-->

Menyoal Sensitifitas Parpol dalam Pandemi

Oleh: Irmawati

Hiruk pikuk tahun-tahun penuh duka masih menyelimuti bumi ini melalui pandemi covid 19 yang belum usai. Begitupun di Indonesia, angka kasus perhari masih tinggi,hingga pemerintah masih menetapkan PPKM yang dimulai awal bulan juli 2021,hingga pertengahan bulan agustus masih berlanjut. Ditengah kondisi hari penuh harap ini tentu perlu adanya rasa saling perhatian satu sama lain untuk sama-sama mencegah dan menyudahi pandemi ini tentu atas berkat pertolongan Sang Kuasa. Tapi apa yang terjadi dengan para elit politisi dari partai-partai besar negeri dengan pengaruh besar di negeri ini mengenai sensitifitas mereka terhadap kondisi rakyat di tengah pandemi. Mereka terang-terangan tebar pesona untuk tahun 2024 dimana akan dilakukan prosesi pemilu penguasa yang seringkali penuh drama. Tanpa ragu dipasang baliho-baliho berukuran besar yang seolah tak ingin siapapun yang melewati jalan tersebut tak melihat wajah-wajah mereka yang berisyarat akan tampil sebagai pilihan di tahun 2024.

Media online kompas menerbitkan dalam artikelnya.  Sejumlah politisi yang terlihat masif wajahnya di baliho-baliho di antaranya ialah Ketua Umum Partai Golkar Airlangga Hartarto, Ketua DPP PDI-P Puan Maharani, Ketua Umum Partai Demokrat Agus Harimurti Yudhoyono (AHY), dan Ketua Umum PKB Muhaimin Iskandar. (Kompas.com 9 agustus 2021).

Sebagai politisi partai politik dengan pendukung yang besar tentu punya tanggungjawab besar dalam mengawal perbaikan ditengah rakyat, pasalnya mereka sebagai wadah yang menaungi rakyat tentu seharusnya menjadi paling tinggi sensitifitasnya untuk menuju keadaan yang stabil dalam negeri. Sebelum dan sesudah menerima amanah seharusnya mereka mengutamakan kebaikan dan perbaikan untuk rakyat. Namun inilah keadaan sebenarnya dari partai politik sekuler dalam sistem Kapitalisme,tidak ada pengorbanan gratis. Semuanya butuh balas jasa karena hidup itu berazaskan materi. Kerusakan pola pikir tentang konsep ini adalah asas sebuah hancurnya kehidupan berbangsa dan bernegara. Padahal materi yang sebenarnya sudah diberi cuma-cuma oleh Sang khaliq tentu bisa digunakan oleh semua makhlukNya,tentu dengan pengaturan yang sesuai petunjukNya.

Namun inilah yang terjadi dalam kehidupan hari ini, dimana hakikat sekulerisme yang mereka agungkan yang berarti tak usah ada campur tangan Sang Khaliq karena mereka ingin berkuasa tanpa aturanNya. Pengurusan rakyat hanya cukup pencitraan saja, mereka perlihatkan dalam kondisi ini dimana dibutuhkannya sensitifitas untuk keluar dari permasalahan rakyat mereka justru tetap melancarkan agenda kesempatan untuk berkuasa.
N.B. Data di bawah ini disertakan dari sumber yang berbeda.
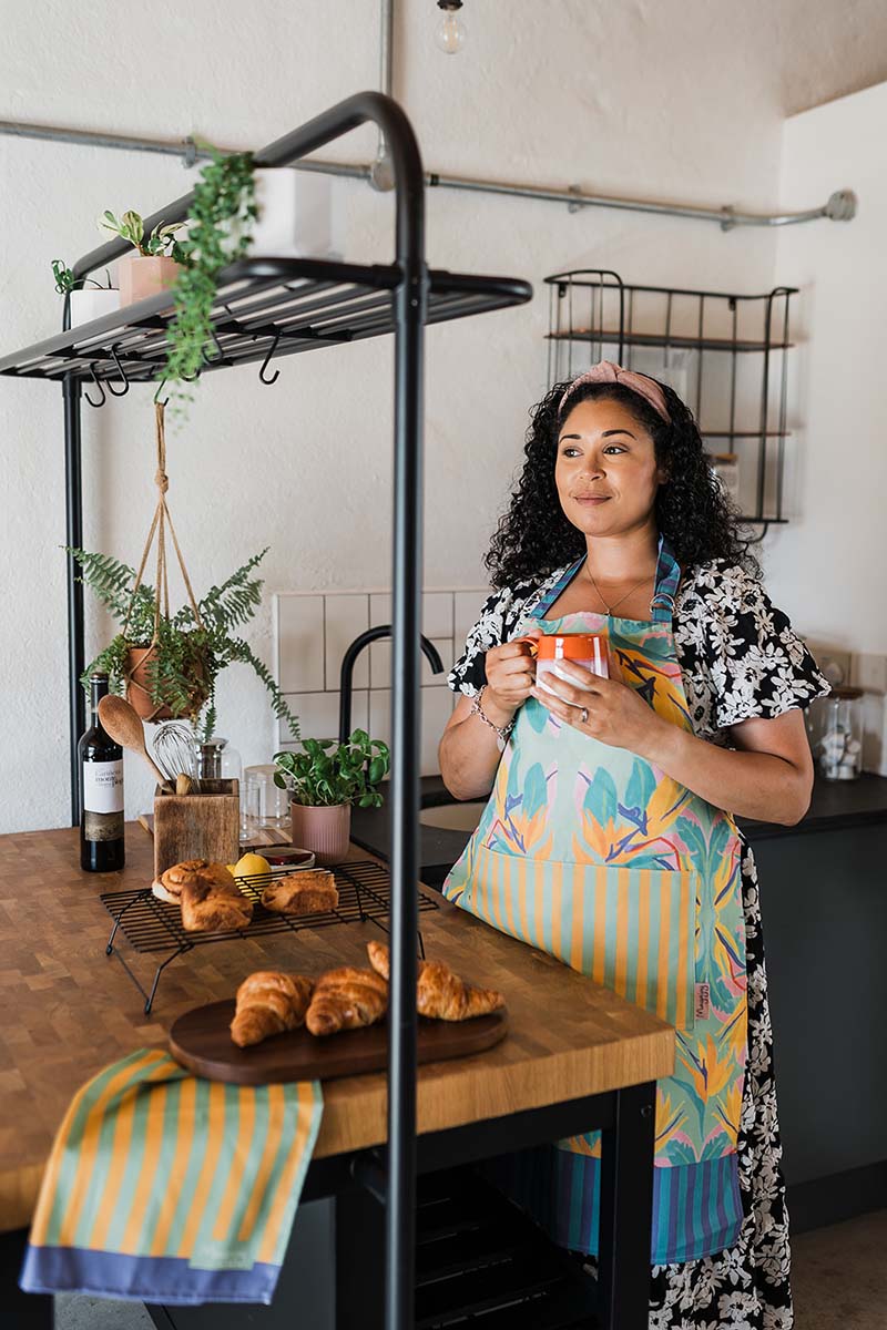 Made from 100% cotton drill, it’s practical too, with a big front pocket for your phone or recipe cards, and adjustable straps so it fits just right. Whether your kitchen feels rustic or modern, Paradise Stripe adds that perfect pop of colour.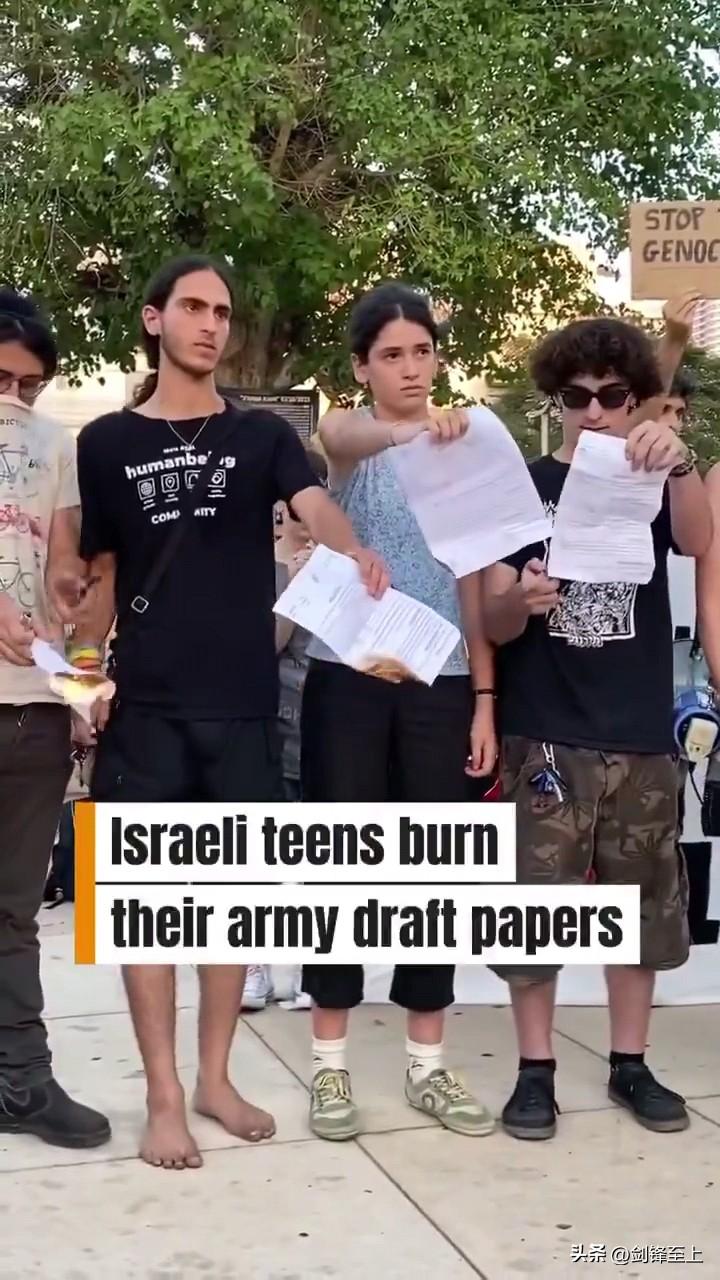 兄弟们,我看花了眼? 以色列居然有年轻人在街头高调烧了征兵通知书 不光不服兵役,还表示愿意去坐牢 我想他们可能有人良心发现,但更多人应该是怕死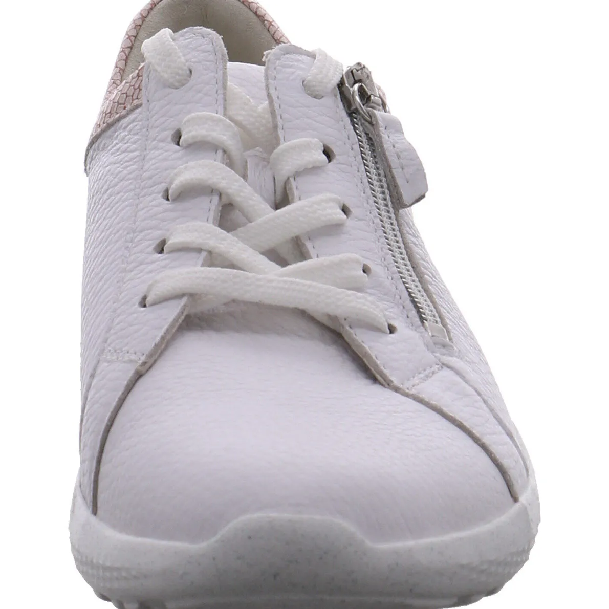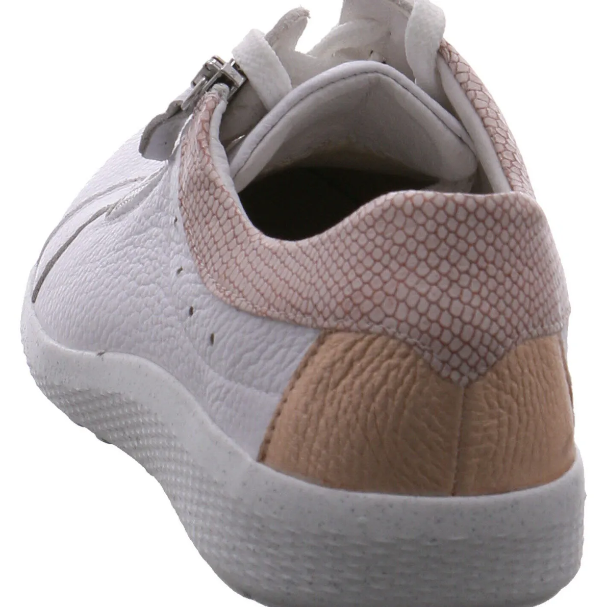 Das Obermaterial aus hochwertigem Echtleder in Weiß, wurde mit einen schönen Einsatz an der Ferse und am Schaft in Rosegold versehen und gibt dem Schuh seinen besonderen Look.

Kini sudah saatnya semua rakyat buka mata lebar-lebar dan buka telinga tentang kita perlu para pemimpin yang terdepan dalam mengajak manusia taat petunjuk Sang Khaliq dan juga terdepan dalam mengatasi permasalahan rakyat sebagai bentuk dedikasinya. Akan sulit ditemui, namun ini tidaklah mustahil karena Sang Khaliq telah memberi petunjuk untuk itu semua melalui Ajaran Islam. Wallohu'alam bishshowwab.